● WHAT THE TASK ASKS:
Pictures stay out of this copy; please retype only the lines from the start of the records through the line with "bigdata 2020 공개SW".

● DATA TO PROCESS:
═══

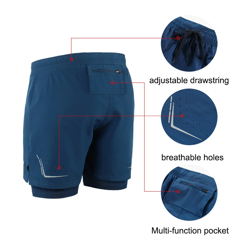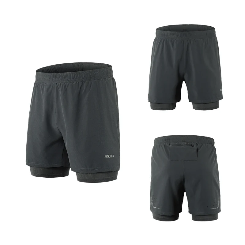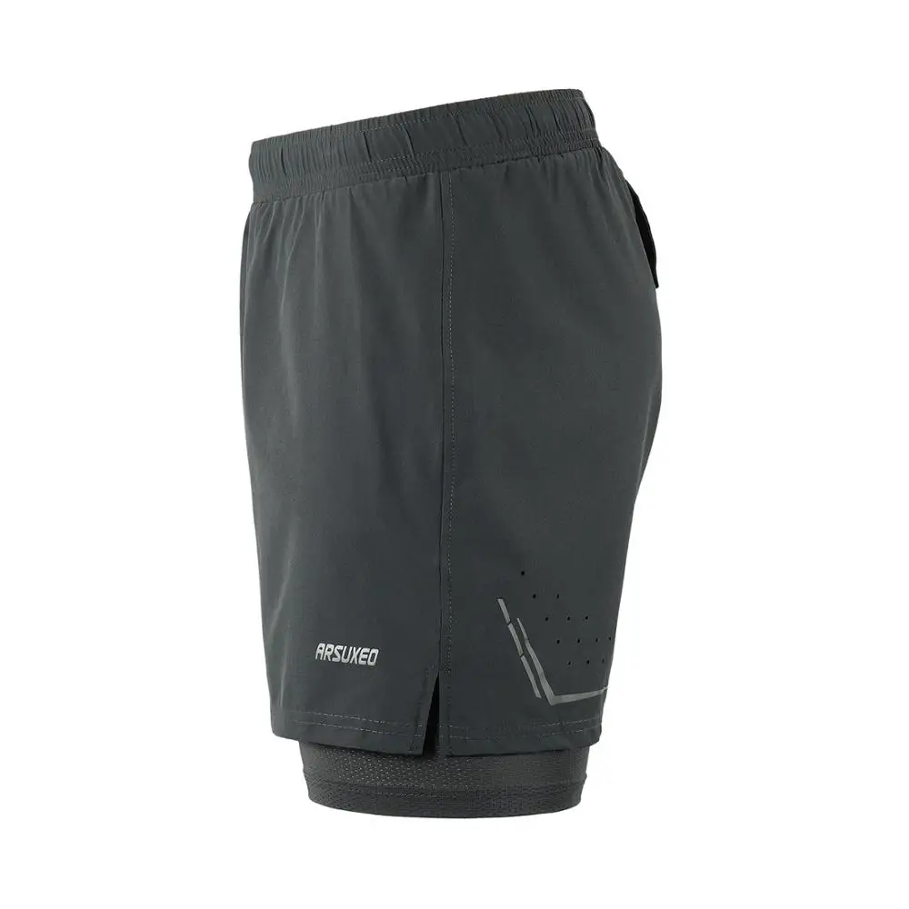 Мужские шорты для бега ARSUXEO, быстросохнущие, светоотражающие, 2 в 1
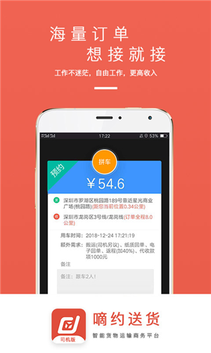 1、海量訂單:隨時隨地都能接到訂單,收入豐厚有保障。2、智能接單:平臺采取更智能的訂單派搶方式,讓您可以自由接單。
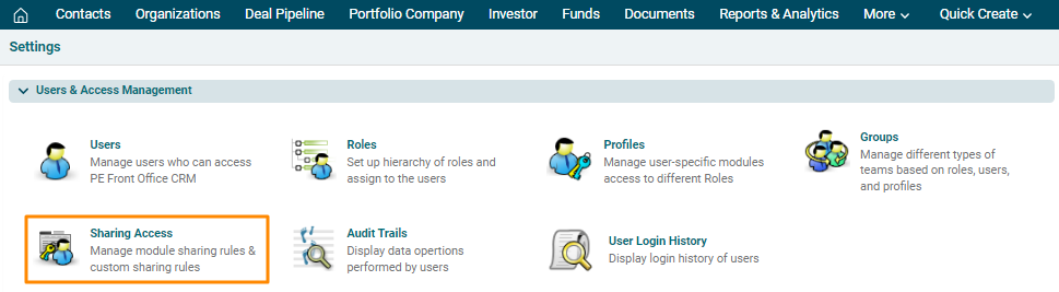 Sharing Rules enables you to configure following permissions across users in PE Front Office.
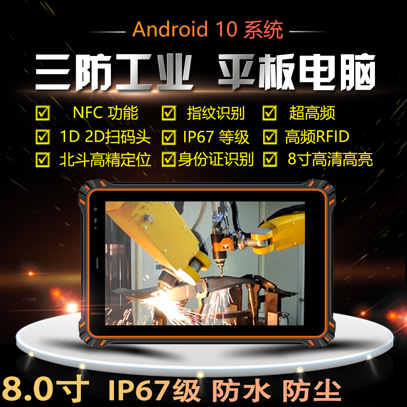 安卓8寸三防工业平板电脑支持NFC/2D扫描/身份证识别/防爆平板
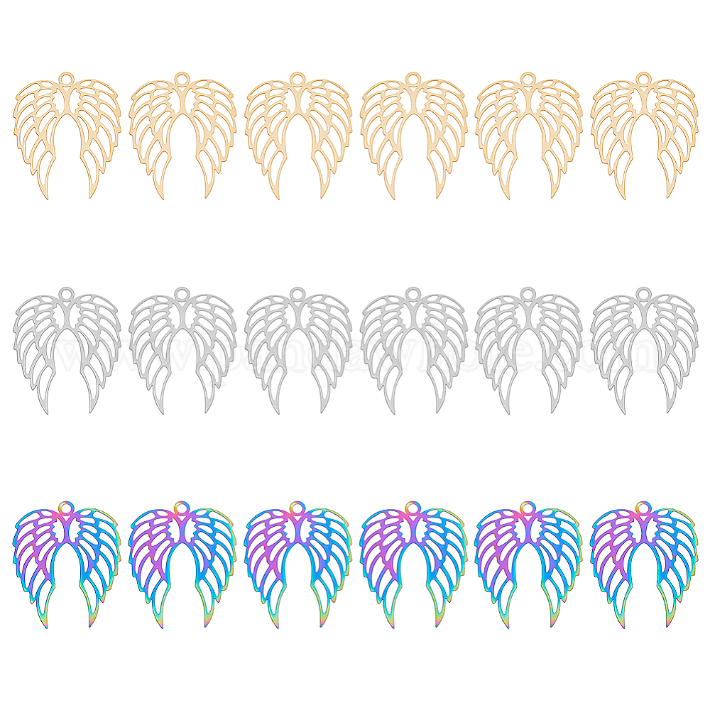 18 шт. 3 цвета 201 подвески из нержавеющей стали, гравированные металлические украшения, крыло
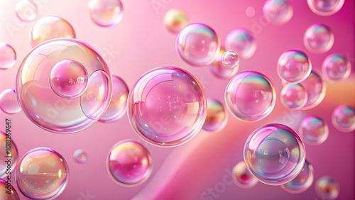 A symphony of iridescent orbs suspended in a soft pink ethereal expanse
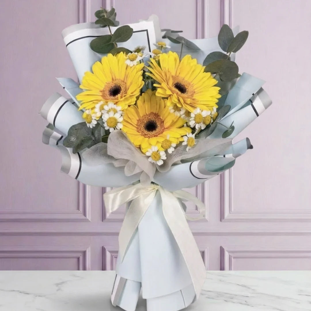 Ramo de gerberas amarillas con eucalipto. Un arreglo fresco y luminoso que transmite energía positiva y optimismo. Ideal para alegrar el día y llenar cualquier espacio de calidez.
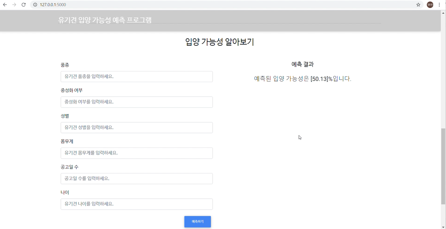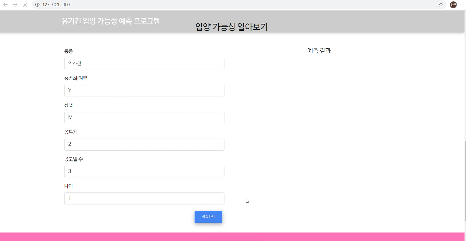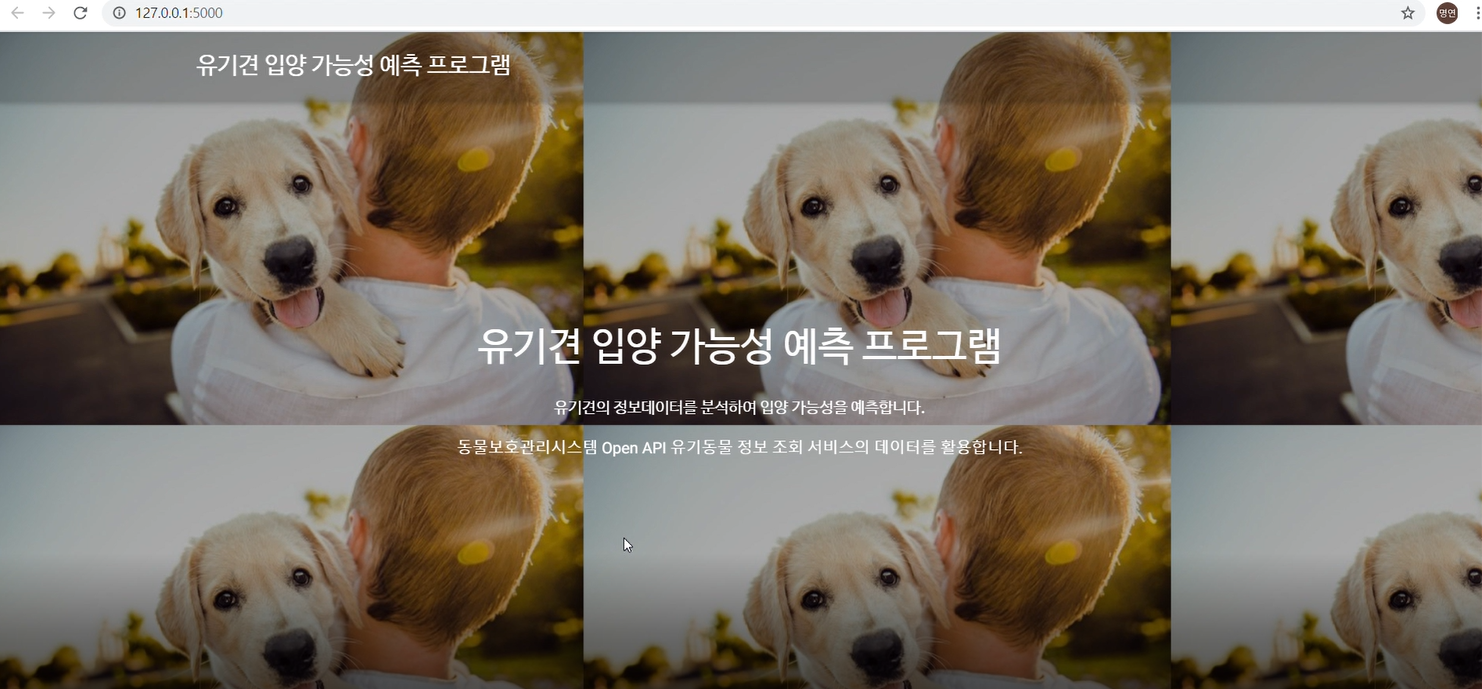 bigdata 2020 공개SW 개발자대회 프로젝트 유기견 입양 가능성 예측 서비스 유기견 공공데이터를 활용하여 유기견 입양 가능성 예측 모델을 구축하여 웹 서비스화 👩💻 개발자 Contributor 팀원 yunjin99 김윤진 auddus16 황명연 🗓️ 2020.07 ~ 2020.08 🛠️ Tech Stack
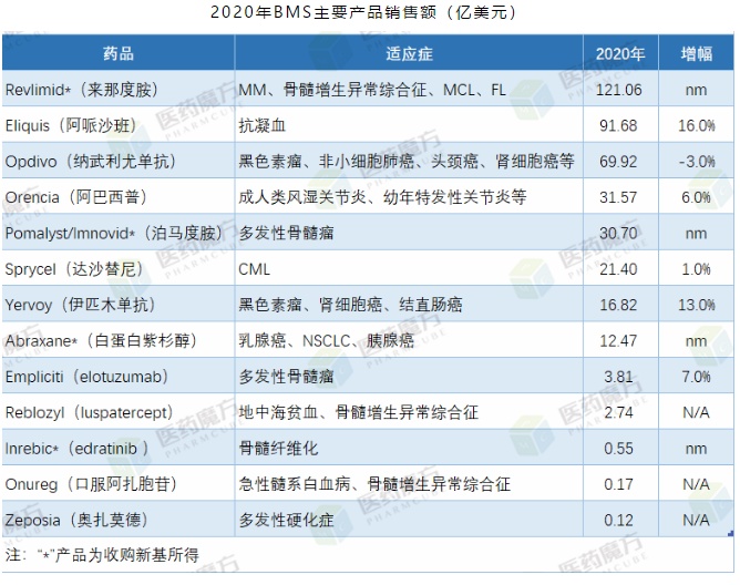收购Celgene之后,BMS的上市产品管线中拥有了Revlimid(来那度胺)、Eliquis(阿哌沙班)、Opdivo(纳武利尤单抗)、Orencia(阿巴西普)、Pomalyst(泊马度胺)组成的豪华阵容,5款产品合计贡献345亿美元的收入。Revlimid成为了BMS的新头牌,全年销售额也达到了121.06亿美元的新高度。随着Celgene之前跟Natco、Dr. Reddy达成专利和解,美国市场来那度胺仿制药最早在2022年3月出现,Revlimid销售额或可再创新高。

═══

● RESULT FOR THIS EXERCISE:
 Мужские шорты для бега ARSUXEO, быстросохнущие, светоотражающие, 2 в 1
 1、海量訂單:隨時隨地都能接到訂單,收入豐厚有保障。2、智能接單:平臺采取更智能的訂單派搶方式,讓您可以自由接單。
 Sharing Rules enables you to configure following permissions across users in PE Front Office.
 安卓8寸三防工业平板电脑支持NFC/2D扫描/身份证识别/防爆平板
 18 шт. 3 цвета 201 подвески из нержавеющей стали, гравированные металлические украшения, крыло
 A symphony of iridescent orbs suspended in a soft pink ethereal expanse
 Ramo de gerberas amarillas con eucalipto. Un arreglo fresco y luminoso que transmite energía positiva y optimismo. Ideal para alegrar el día y llenar cualquier espacio de calidez.
 bigdata 2020 공개SW 개발자대회 프로젝트 유기견 입양 가능성 예측 서비스 유기견 공공데이터를 활용하여 유기견 입양 가능성 예측 모델을 구축하여 웹 서비스화 👩💻 개발자 Contributor 팀원 yunjin99 김윤진 auddus16 황명연 🗓️ 2020.07 ~ 2020.08 🛠️ Tech Stack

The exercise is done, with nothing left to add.